TRY IT: Look through the entries below and show every line containing the word "building".

(Items listed in a dataset)
====

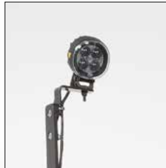
PEDESTRIAN AWARENESS LIGHTS
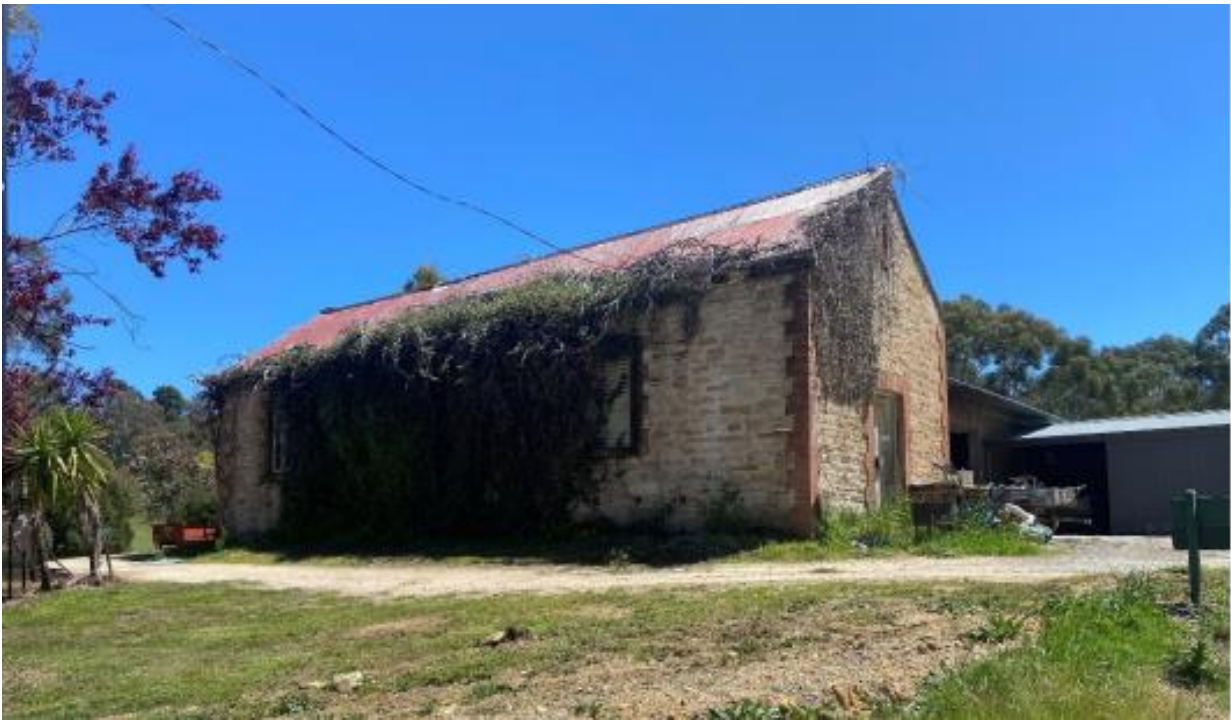
Figure 4. Scent Factory in 2020.
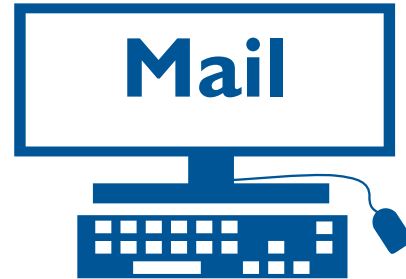
To your inbox

Sign Up at www.pilotbulletins.net/sign-up
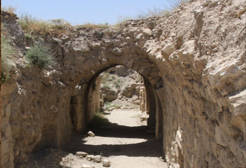
... the crusader castle of Karak ...
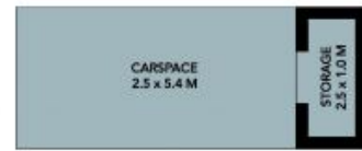
(NOT IN POSITION)
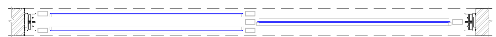
PLAN OF ACCUCEL SLIDING WINDOW - 3 TRACK
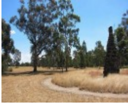
rp The Burke & Wills monument and the nearby natural landscape
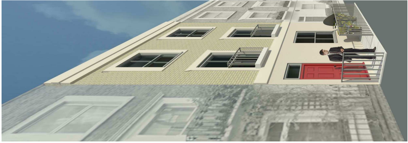
View From Pavement 1-1
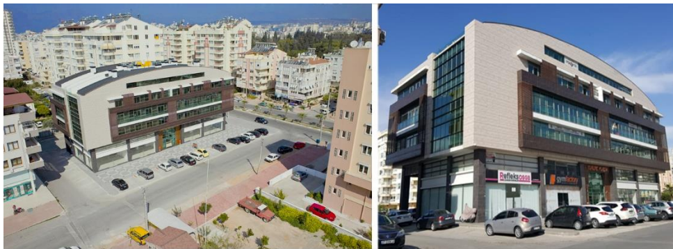
Figure 2. East facade of the building.

The building is located on the intersected corner of Portakal Çiçeği street and 1460 street in Antalya, Turkey. It is a seven storey-high residential building on the right with a distance of 8.40 meters, ten storey-high residential building on the back with a distance of 14 meters and front with a distance of 40 meters and two storey-car parking on the southwest with a distance of 21.5 meters. The main entrance faces to east (Figure 2). This facade always takes the sun directly without having any shading areas. The temperature and the light play a crucial role on materials. 1460 street and Portakal Çiçeği street have intense traffic. This causes air pollution which may create deterioration. The distance from the sea is 1 km and the height of the building from the sea is 22.5 m. The pedestrian roads and the vegetation around the building can be seen in Figure 3. There is an open area in front of the main facade. There are also car parking areas on the east and the west facade.
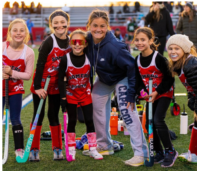
SOMERS YOUTH FIELD HOCKEY
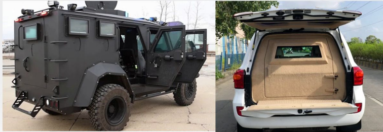
ARMOURED VEHICLES (BULLET PROOF VEHICLES)
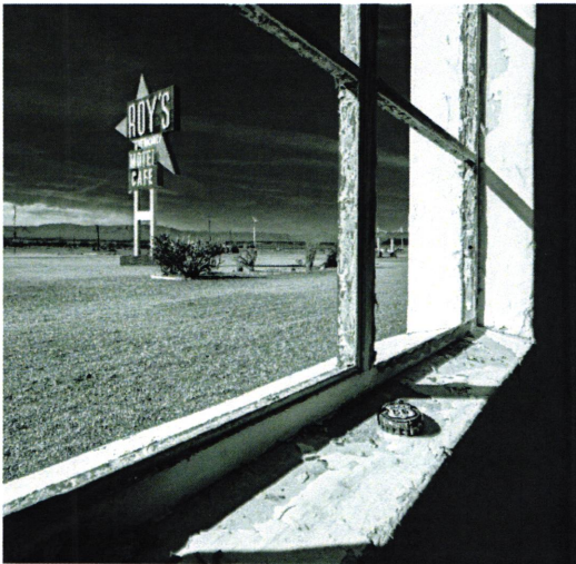
By Ed E Powell
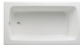
KT525 60x30x20.5" S m a w ma aw U KT527 60x32x20.5" S m a w ma aw U KT553 66x36x20.5" S m a w ma mw aw U
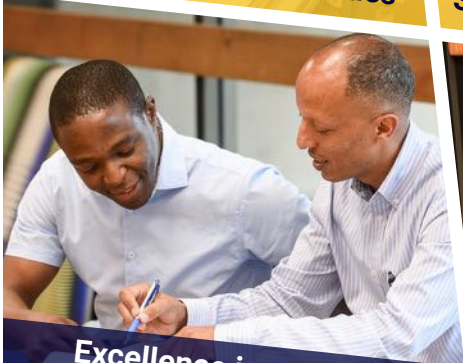
Excellence in Student Services
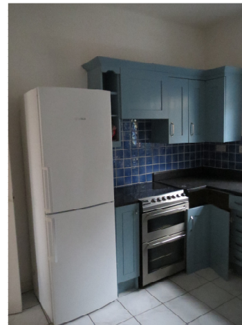
modern linings in rear room
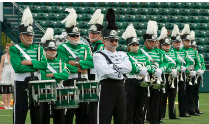
2011. DCA Alumni Spectacular, Rochester, New York.
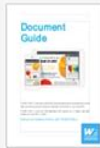
Document Guide.docx 2014-05-12 14:08
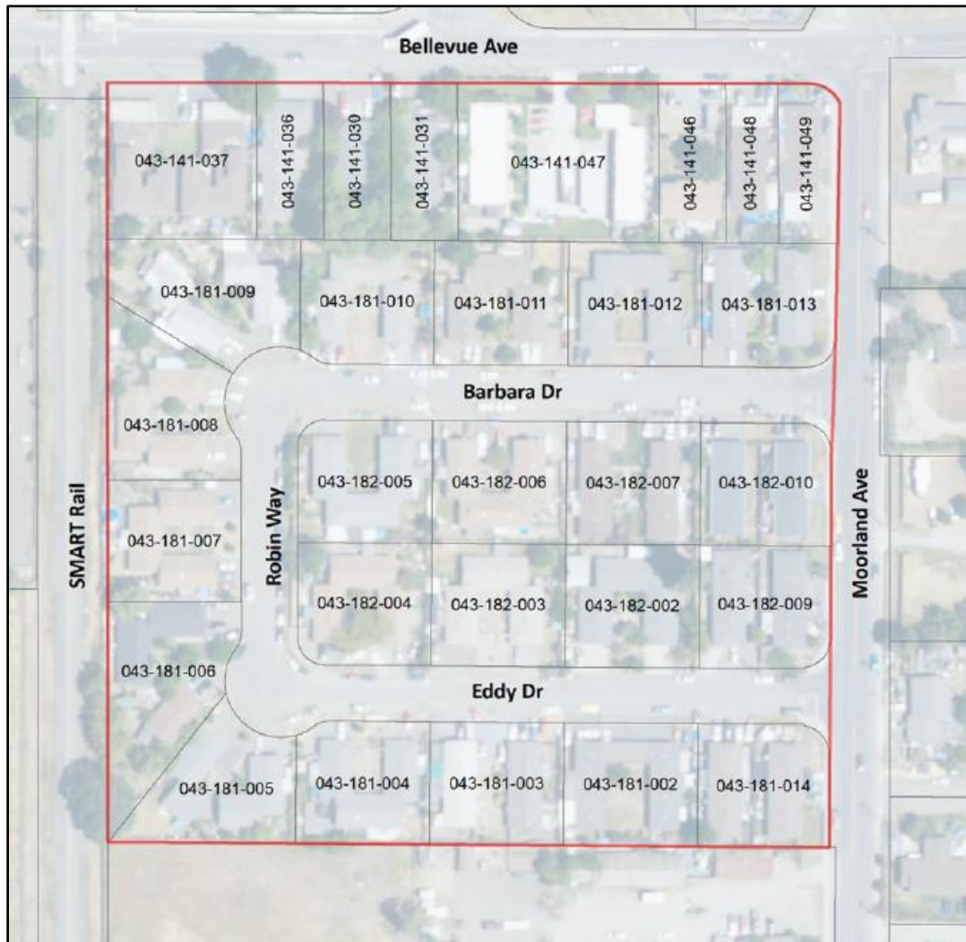
Figure 2 – 29 Parcels to be Provided City Water

The State and City have been collaborating to consolidate the various water systems in the area into the City water system. This process entails installing water mains in the looped street (Barbara Drive, Eddy Drive, and Robin Way) and parcels on Bellevue Avenue (See Figure 3). According to the City's GIS address information, there are 119 units on the consolidation parcels with a total area of approximately 10.19 acres. The five additional parcels proposed for annexation contain approximately nine units, totaling 4.66 acres. All of the parcels in the project area are being served by the South Park Sanitation District for sewer services. The storm drain service is currently provided by the County to this area.
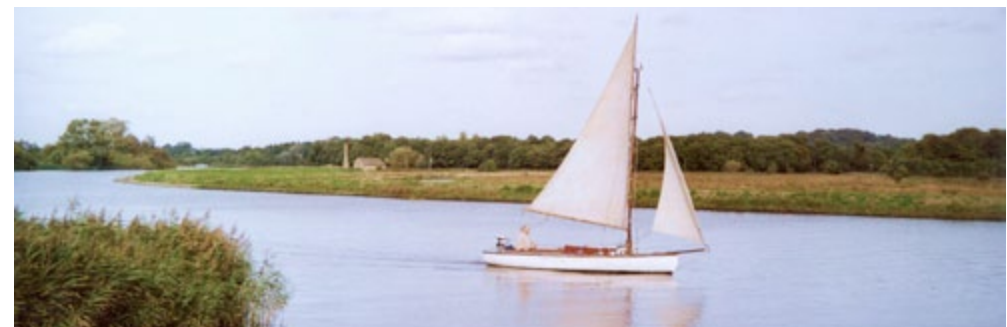
Sailing on the River Yare.
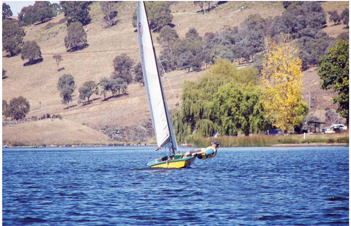
Dry times at Malpas Dam (file photo)

Northern Tablelands MP Adam Marshall has been lobbying for funding, seeking $10.5 million from the NSW
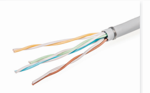
Strip the cable for minimum 75mm, pull the foil or braided shield back over the jacket an wrap the drain wire around the shield. NOTES: IDC is suitable for 22-26 AWG wires.
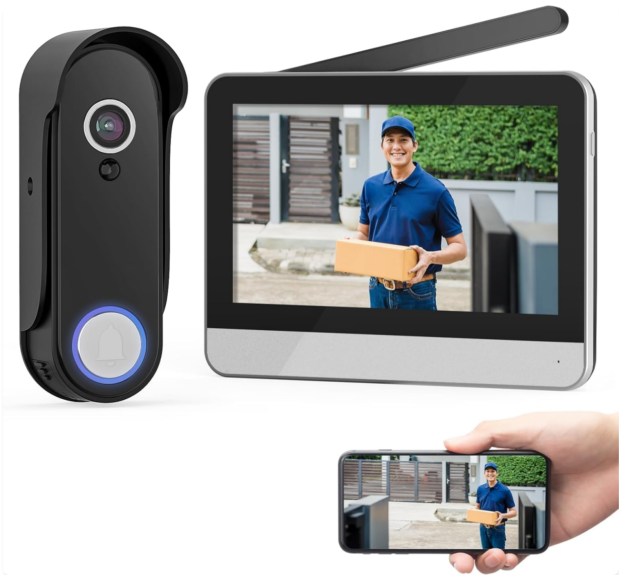
Figure 1: The Wireless Smart Video Doorbell System, showing the outdoor doorbell unit, the 7-inch indoor touchscreen monitor, and a smartphone displaying the live feed.

====

YOUR RESPONSE:
Figure 2. East facade of the building.
The building is located on the intersected corner of Portakal Çiçeği street and 1460 street in Antalya, Turkey. It is a seven storey-high residential building on the right with a distance of 8.40 meters, ten storey-high residential building on the back with a distance of 14 meters and front with a distance of 40 meters and two storey-car parking on the southwest with a distance of 21.5 meters. The main entrance faces to east (Figure 2). This facade always takes the sun directly without having any shading areas. The temperature and the light play a crucial role on materials. 1460 street and Portakal Çiçeği street have intense traffic. This causes air pollution which may create deterioration. The distance from the sea is 1 km and the height of the building from the sea is 22.5 m. The pedestrian roads and the vegetation around the building can be seen in Figure 3. There is an open area in front of the main facade. There are also car parking areas on the east and the west facade.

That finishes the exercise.